Read the entire release from Cedar Fair.

Is that a new official sign? I haven't seen that used on here before.

And seriously, I could go buy several Ferraris right now. Its not that I have been priced out, its just that I don't see the value in it as compared to having a house and food and retirement.

Last edited by Shades,

Shades said:

In this situation I think there is no argument that if Disney charged the same $100 to get into a park with a capped capacity of 35% as they do with no reduction in capacity we would all sign up for that. But that is not going to happen - the price will go up to get that exclusivity. Will people pay $1 more, $2, $200, $2,000? At some point you get priced out whether that is because you simply cannot afford it or you don't see the value in it.

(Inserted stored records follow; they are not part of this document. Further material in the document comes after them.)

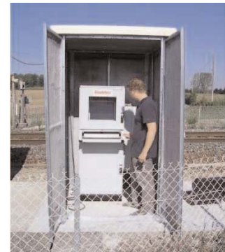
First measurements yield satisfactory results.

TenCate Geosynthetics assumes no liability for the accuracy or completeness of this information or for the ultimate use by the purchaser. TenCate Geosynthetics disclaims any and all express, implied, or statutory standards, warranties or guarantees, including without limitation any implied warranty as to merchantability or fitness for a particular purpose or arising from a course of dealing or usage of trade as to any equipment, materials, or information furnished herewith. This document should not be construed as engineering advice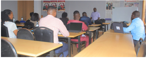
Onsite lectures at Mirembe Hall - UCU

The students who are from East Africa and southern Africa include social workers, communication professionals, health workers, entrepreneurs among others.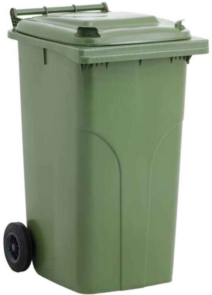
two wheeled bins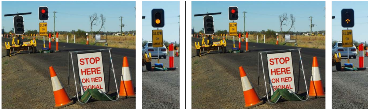
Solid Red - Amber light (RA)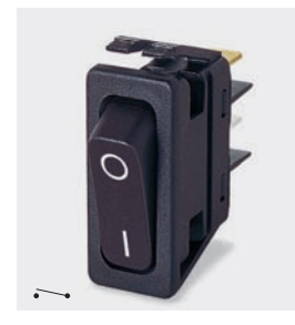
6 C6000AL ---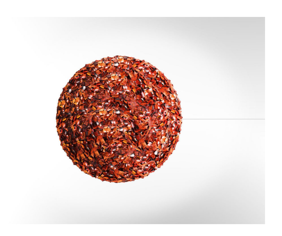
A light by Barnaby Barford.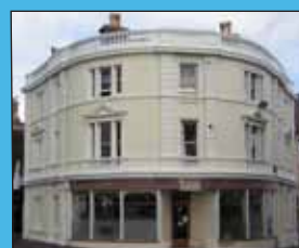
Corner House Hotel 1-3 Poole Hill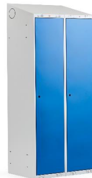
Clothes locker, sloping roof

Well, there's kind of two questions here. One is a "private party" scenario which, other than actual private parties, I don't think parks have really tried. Would there be a market for limited capacity, "First Friday" events at, let's say, 3x the regular ticket price? Maybe, but it seems like a tough marketing challenge, and I wouldn't want to be the guy in Marketing who championed First Fridays and had 400 people show up. Disney might be able to do it but I doubt Cedar Fair can.

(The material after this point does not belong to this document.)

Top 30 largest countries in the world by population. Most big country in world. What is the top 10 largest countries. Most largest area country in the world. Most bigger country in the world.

The other question is about whether it makes sense to sell season passes that some folks will use every week at roughly 2x the single-day ticket price (or less!) That price point makes no sense to me at all. Giving away the gate and making it up by selling front of the line passes makes even less sense. They're essentially selling the same experience at the same price, only more complicated and worsening the experience for the people paying the most. (And the front of the line pass doesn't help at the taco stand or just walking around crowded midways.)

Surely the sweet spot for pass pricing is somewhat above what the typical repeat customer would pay in a year's worth of visits. If that person would usually visit three times a year at $60 a visit, then the pass should be somewhere north of $200 I'd say. Six Flags and Cedar Fair are nowhere near that right now.

Jeff's avatar

Yes, that last part! I remember just before the turn of the century, I would calculate my ROI based on the number of visits at the regular gate price to break even. I seem to recall a Cedar Point pass, plus the parking pass, was about four visits, and I would characterize those as "all day" since that's what you do on a day ticket. Four hours in an evening would count as a half-day at best.

Right now you're looking at 2.5 visits, if you scored the $100 gold pass (and I think their $40 day ticket is low by a few dollars). If the average number of visits per passholder is 4 or more, yikes, that feels like leaving a lot of money off the table. The balance seems out of whack.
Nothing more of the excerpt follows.